• **Exercise goal**
Go through the entries below and print, exactly, the lines starting at the one with "Dog is all over" and ending at the one with "開始時間1月22結束時間1月", keeping both ends and no others.

• **Records to use**
Segment Open

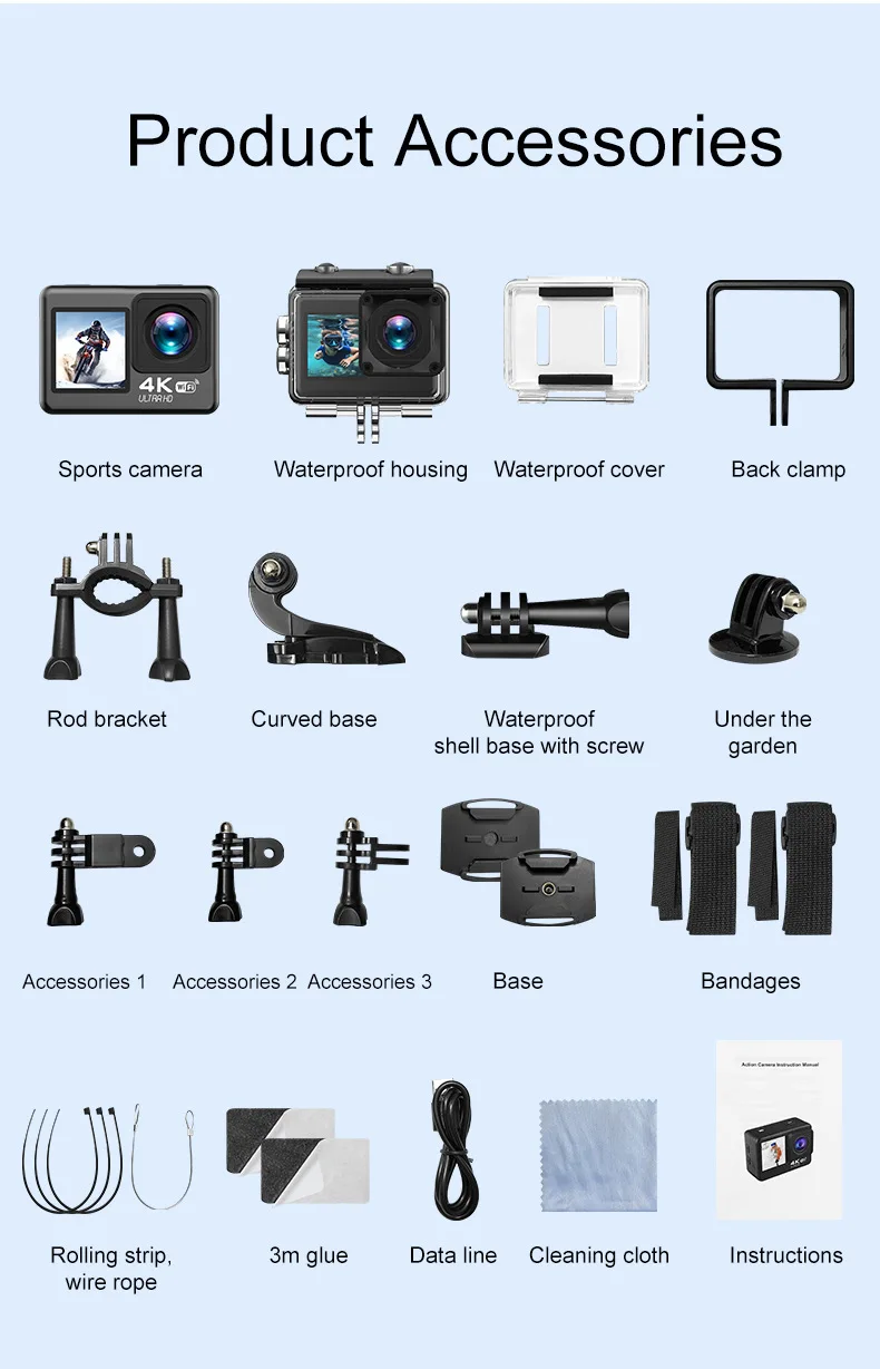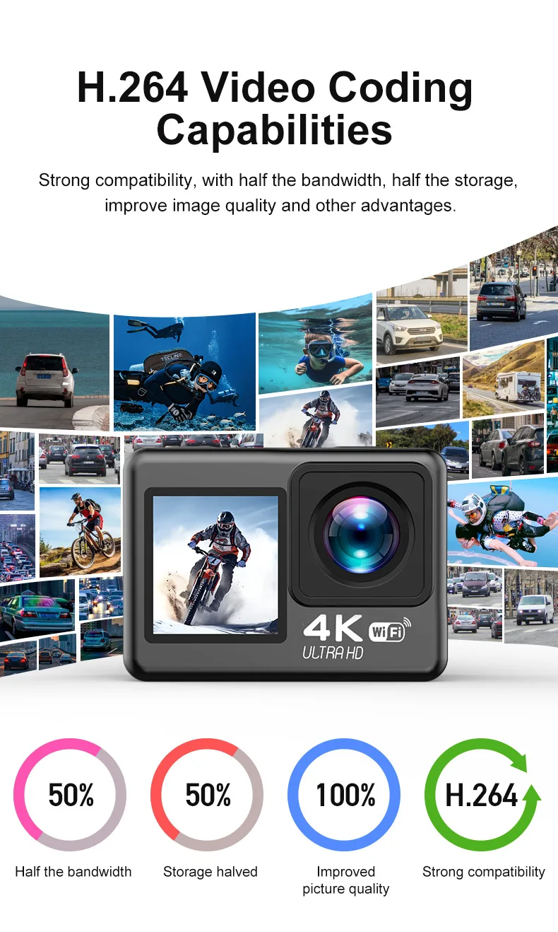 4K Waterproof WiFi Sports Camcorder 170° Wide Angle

Segment Closed
Segment Open

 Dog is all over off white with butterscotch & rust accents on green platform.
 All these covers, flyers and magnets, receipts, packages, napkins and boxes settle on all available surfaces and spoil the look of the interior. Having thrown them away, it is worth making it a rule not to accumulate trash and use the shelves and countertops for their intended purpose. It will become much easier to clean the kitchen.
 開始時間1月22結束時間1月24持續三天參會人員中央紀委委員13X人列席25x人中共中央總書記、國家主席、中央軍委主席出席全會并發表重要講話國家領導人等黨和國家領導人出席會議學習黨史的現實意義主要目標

Segment Closed

• **Problem solution**
 Dog is all over off white with butterscotch & rust accents on green platform.
 All these covers, flyers and magnets, receipts, packages, napkins and boxes settle on all available surfaces and spoil the look of the interior. Having thrown them away, it is worth making it a rule not to accumulate trash and use the shelves and countertops for their intended purpose. It will become much easier to clean the kitchen.
 開始時間1月22結束時間1月24持續三天參會人員中央紀委委員13X人列席25x人中共中央總書記、國家主席、中央軍委主席出席全會并發表重要講話國家領導人等黨和國家領導人出席會議學習黨史的現實意義主要目標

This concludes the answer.